Cette porte il l’avait changée bien des fois. À l’époque où il écrivait Sodome et Gomorrhe, Maurice l’avait aidé
à la monter jusqu’au sommet du grand escalier menant à sa villa. La porte ne
tient plus. Curzio monte les escaliers jusque sur le toit. Pus haut, toujours
plus haut. Il domine Venise qui dort encore. Du haut de sa villa, astral, il
est digne des grands Maures qui changèrent la destinée de cette ville. La porte
craque, les fascistes montent les escaliers quatre à quatre. Ils sont sur le
toit. Le grain de sable, c’est cette tuile, mal fixée, brisée, Curzio chute. Il
voit sous ses mocassins le sol s’approcher à grande vitesse. Le choc se fait
sentir, onde fatale qui détruit tout, de la semelle jusqu’au genou de Curzio,
effondré de douleur. « Morbleu !, se dit-il, je vais finir ma vie
morne dans les prisons morbides de ces ordures amorales que soutiennent des gens
comme Morand ou Maurras ? ». Impossible de se relever, il reste étendu
et voit arriver vers lui les formes noires crapahutant au milieu de ses moracées.
La
prison de Regina Coeli, où l’on envoya Curzio, était connue dans la ville pour être
le principal lieu de détention de toutes les morues. Curzio occupait la cellule
M018. Celle-ci avait l’avantage d’être pourvue d’une cour à ciel ouvert qui,
bien qu’étant de la taille d’une morula, donnait à Curzio l’occasion de
s’arracher à ses murs mornes couverts par les morpions des précédents
pensionnaires dont la plupart avaient été condamnés à mort. Pour échapper à la
mortification, et moyennant quelques paquets de morphine, il avait réussi à
convaincre son gardien de lui faire parvenir sa bibliothèque. Ainsi il pourrait
passer les journées les plus ennuyeuses dans Mauriac, Maurois ou Moréas, et
peut-être Moravia.
Curzio
attendit longtemps sa bibliothèque. Il ne sympathisait pas avec les autres détenus
qui communiquaient en morse. Quant à son gardien morphinomane, il avait été
remplacé par un autre qui passait toute la journée campé sur ses grandes
bottes, statique. Curzio s’était approché discrètement du morveux et s’aperçut
qu’il chuchotait toute la journée le mot « or ». Un beau jour, alors
que Curzio finissait sa mortadelle aux morilles, il revit le précédent gardien.

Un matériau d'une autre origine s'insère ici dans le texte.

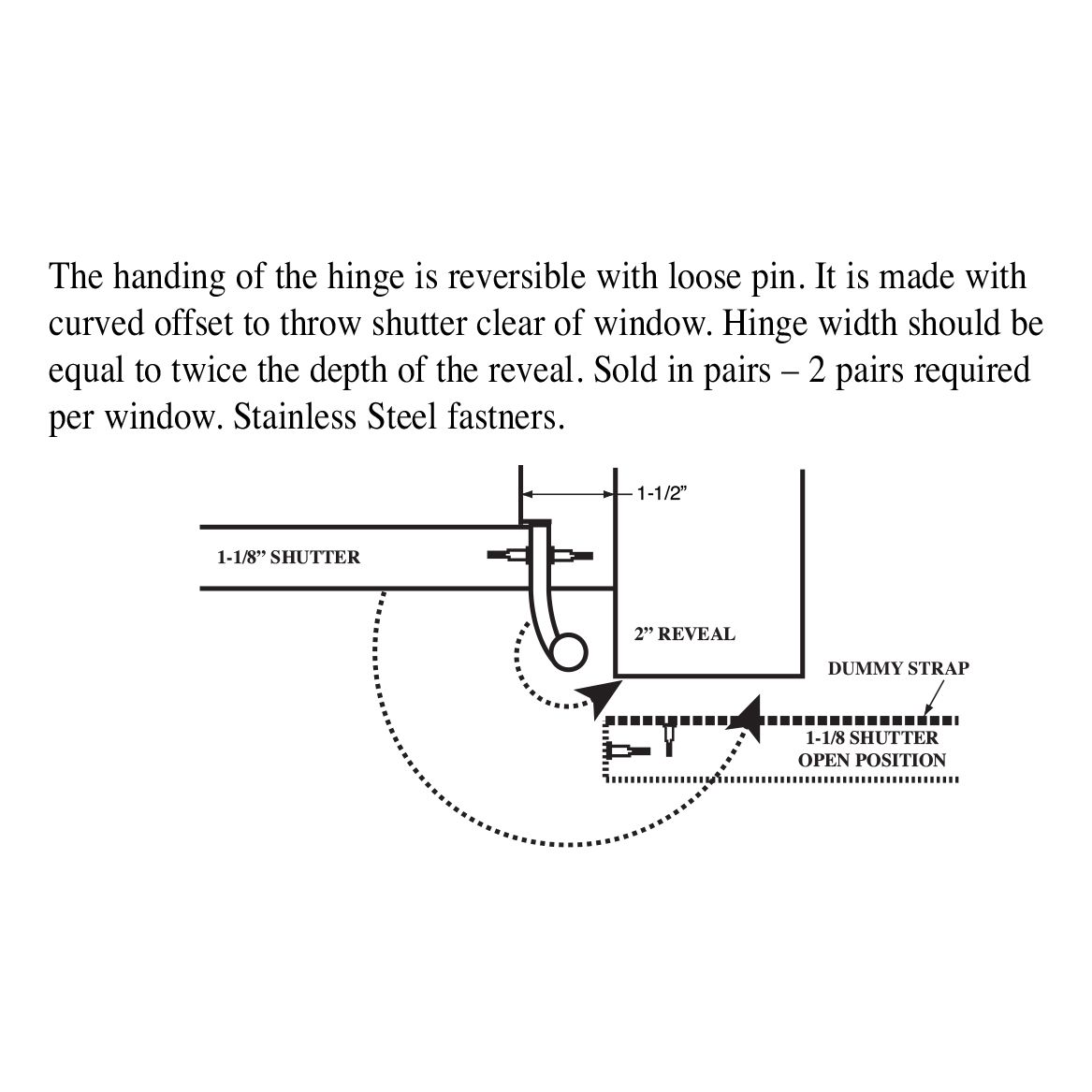 Handing of the hinge is reversible with loose pin.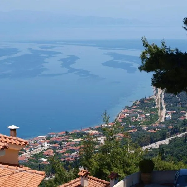 Peloponnese Hideout - White house with the sea view se může pochlubit výhledem na hory a poskytuje ubytování s balkonem a kávovarem. Klášter Mega Spileo se nachází přibližně 34 km odtud.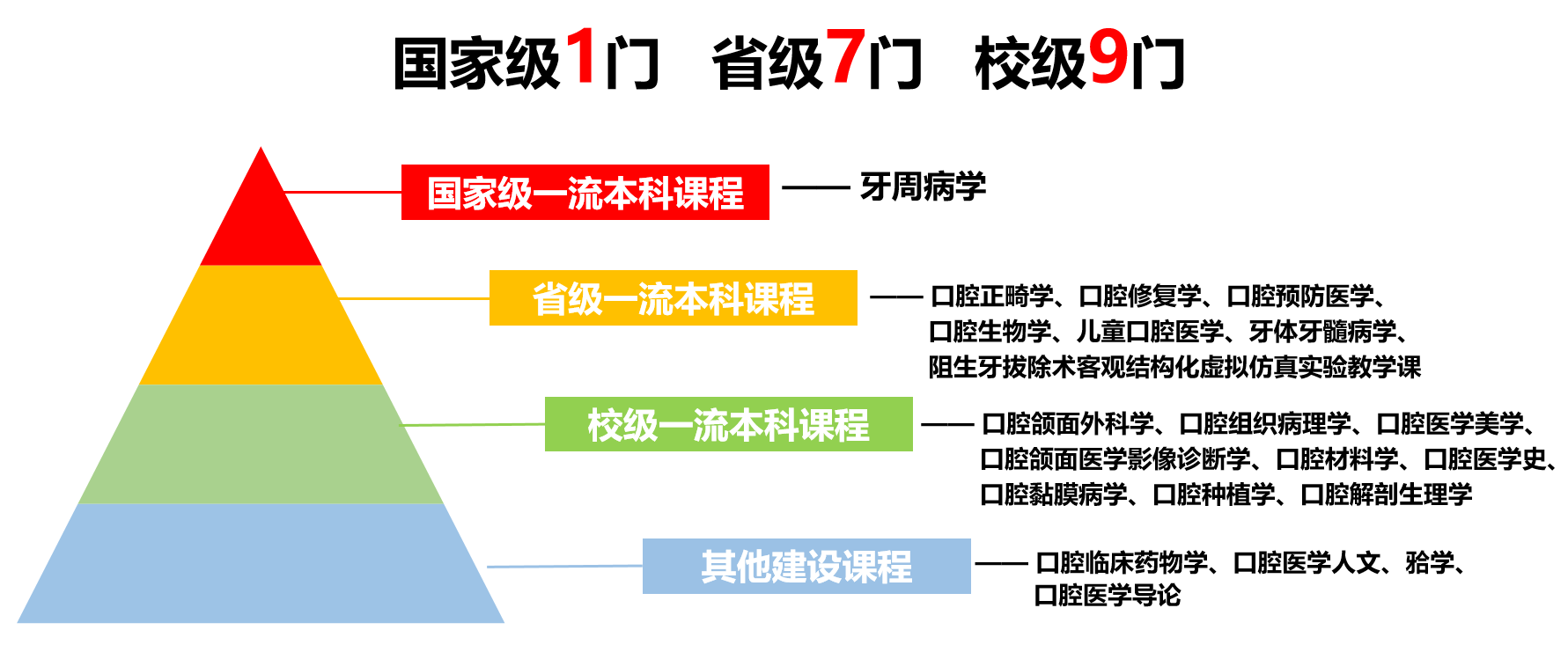 一流本科課程建設成效顯著:通過系列日常教學活動、培訓及比賽等持續建設,學院《牙周病學》獲批2023年度國家級線上線下混合一流本科課程,形成了由1門國家級一流課程領銜,7門省級一流課程助力,9門校級一流課程支撐全面覆蓋口腔醫學專業主干課程的精品課程體系。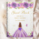 Cet élégant et glamour livre d'hôtes en sweet sixteen présente une belle princesse aux cheveux roux bruns et à la peau claire dans une robe violette. Le texte combine écriture manuscrite et polices sans serif modernes pour un look élégant et sophistiqué. Les compositions florales, les papillons et les confettis d'or créent un mélange parfait de rustique et de chic. Graphiques par www.etsy.com/uk/shop/SunflowerDayLove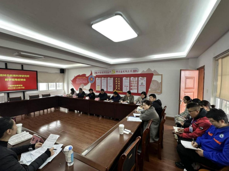为精准把握学院教学动态,提升课堂教学质量,11月19日上午,桂林市教育科学研究所黄永岗主任一行六名教研员莅临我院开展教学视导工作。学院副院长陈莹及教学管理部门人员全程陪同,积极配合教学视导工作。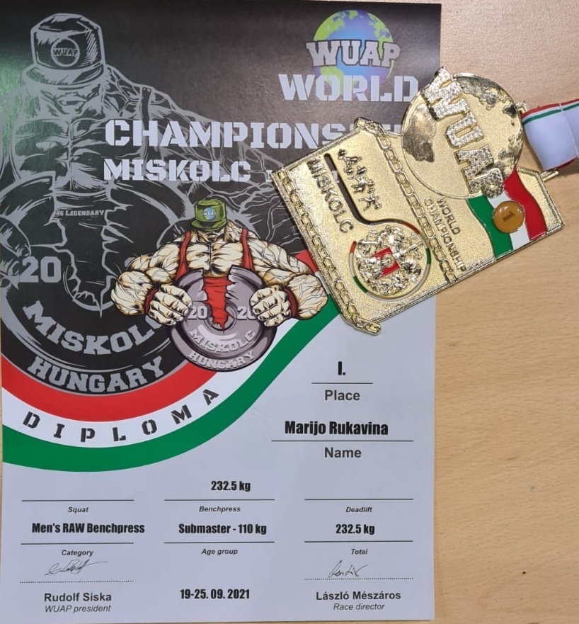 Rukavina je nastupio u svojoj standardnoj kategoriji do 110 kg te je podigao 232.5 kg. Ovim rezultatom Rux je postao svjetski prvak u svojoj kategoriji te ukupni pobjednik kategorija! Nakon titule svjetskog prvaka po GPC i XPC pravilima iz 2019., te poslije prošlogodišnje prazne korona-sezone natjecanja zbog čestih lockdowna, Rukavina osvaja titulu svjetskog prvaka i u WUAP federaciji. Inače, ovaj rezultat je najbolje Ruxovo ostvarenje do sada, za 2.5 kg bolje od prethodnog rekorda. Marijo je odavno nadišao nacionalne okvire te je i više nego jasno da je ovo najbolji hrvatski rezultat u bench pressu u povijesti ovog sporta, i apsolutno i u ovoj kategoriji. 232.5 kg je novi balkanski rekord kojim se Rukavina potvrđuje kao najbolji bencher regije i neprikosnoveni vladar svoje kategorije.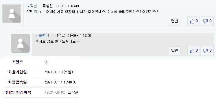 어제 가입한 사람이 로그인 30초만에 저글을 찾아 댓글을 다는건 덤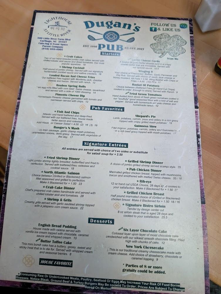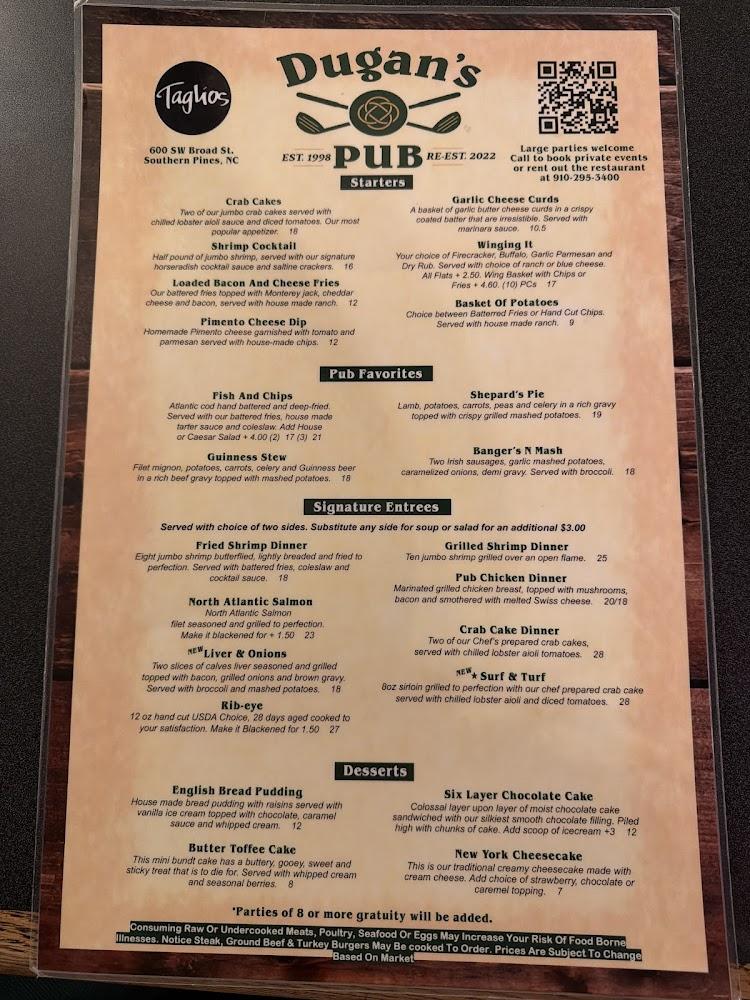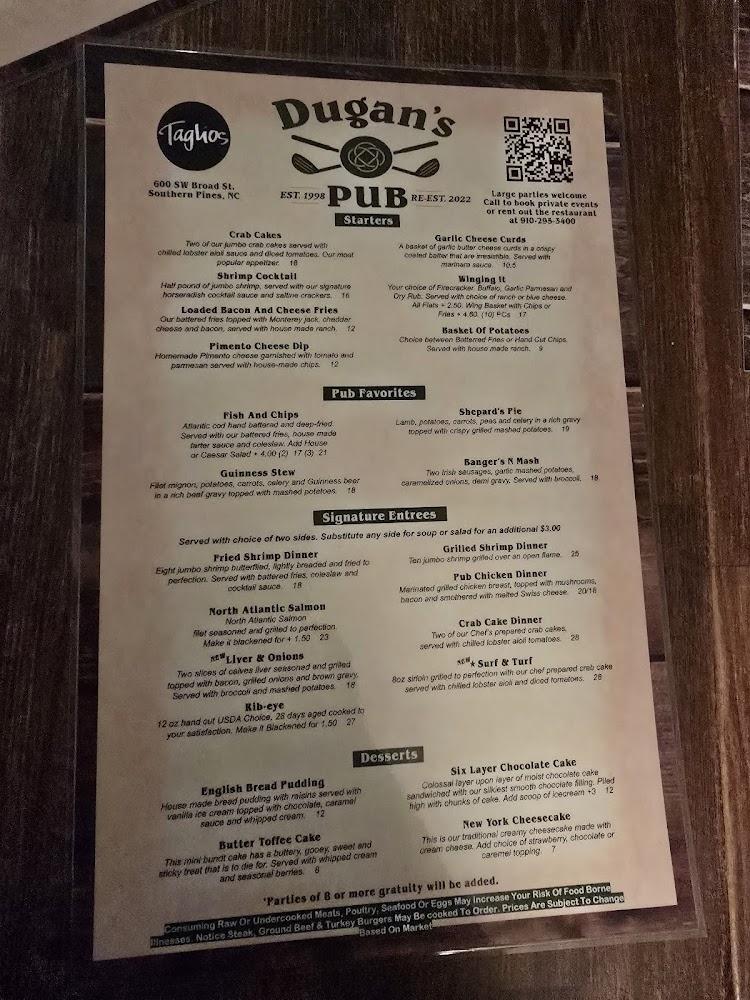 Welcome to Dugan's Pub, the quintessential Irish pub nestled in the charming Village of Pinehurst! Indulge in a delightful menu filled with traditional pub favorites, complemented by enticing weekly food and drink specials. Enjoy live music that adds to the vibrant atmosphere, making each visit memorable. With a wide selection of beers, cocktails, and local specialties, there's something for everyone. Dugan's Pub is the perfect spot for lunch, dinner, or an evening out. Plus, our accessible features ensure everyone can enjoy a fabulous experience. Join us for good food, great company, and lively entertainment at Dugan's!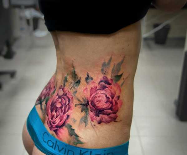 - Живот – благодаря большому горизонтальному участку тела можно создавать целые картины, дополненные разными элементами и предметами. Подобное тату всегда будет выглядеть красиво, но не рекомендуется девушкам склонным к полноте или тем, что еще не рожали.

Ce dernier s’appelait Morelli. Il lui apprit que sa bibliothèque avait été mise
dans un camion, mais que le convoi avait été retardé par des mormons. Le
lendemain, Curzio fut bien obligé de se rendre à l’évidence : Morelli
devait avoir raison puisqu’on lui apporta sa bibliothèque. Il la retrouva en
excellent état. Mais quelle ne fut pas sa surprise en découvrant qu’elle ne
contenait plus que ses livres à lui. Technique
du coup d’état, Le Bal du Kremlin, Voyage en Éthiopie, Sodome et Gomorrhe, Le
Bonhomme Lénine… Il y avait même le manuscrit de son Journal. Morelli s’approcha et lui proposa un défi : il soutint
mordicus qu’il pouvait faire sortir Curzio de prison, si celui-ci en trouvait
lui-même la clé. Cette clé était évidemment de forme abstraite : un mot
caché à l’intérieur de ses propres livres. Ce mot, lui expliqua Morelli,
pouvait être le mot « or », le mot « morve », le mot « castagnettes »,
le mot « réceptacle » ou même le mot « récépissé ». Ce mot était
la clé de l’œuvre de Curzio. Celui-ci se saisit de sa bibliothèque et, aidé par
les gardes, la transporta dans sa cellule.
11 mars 1937. Curzio
ouvre les yeux. Il distingue vaguement des caractères noirs, flous qui lui
collent à la pupille, il ne peut pas remuer la paupière sans chatouiller le
papier. Ces formes, ces lettres aux contours élégants lui rappellent l’incipit
d’Un captif amoureux de Genet : « La
page, qui fut d’abord blanche, est maintenant parcourue de haut en bas de
minuscules signes noirs, les lettres, les mots, les virgules, les points
d’exclamations et c’est grâce à eux qu’on dit que cette page est lisible ».
20 mars 1937.
Curzio s’est planté insolemment devant ses livres. Il a décidé de tout relire.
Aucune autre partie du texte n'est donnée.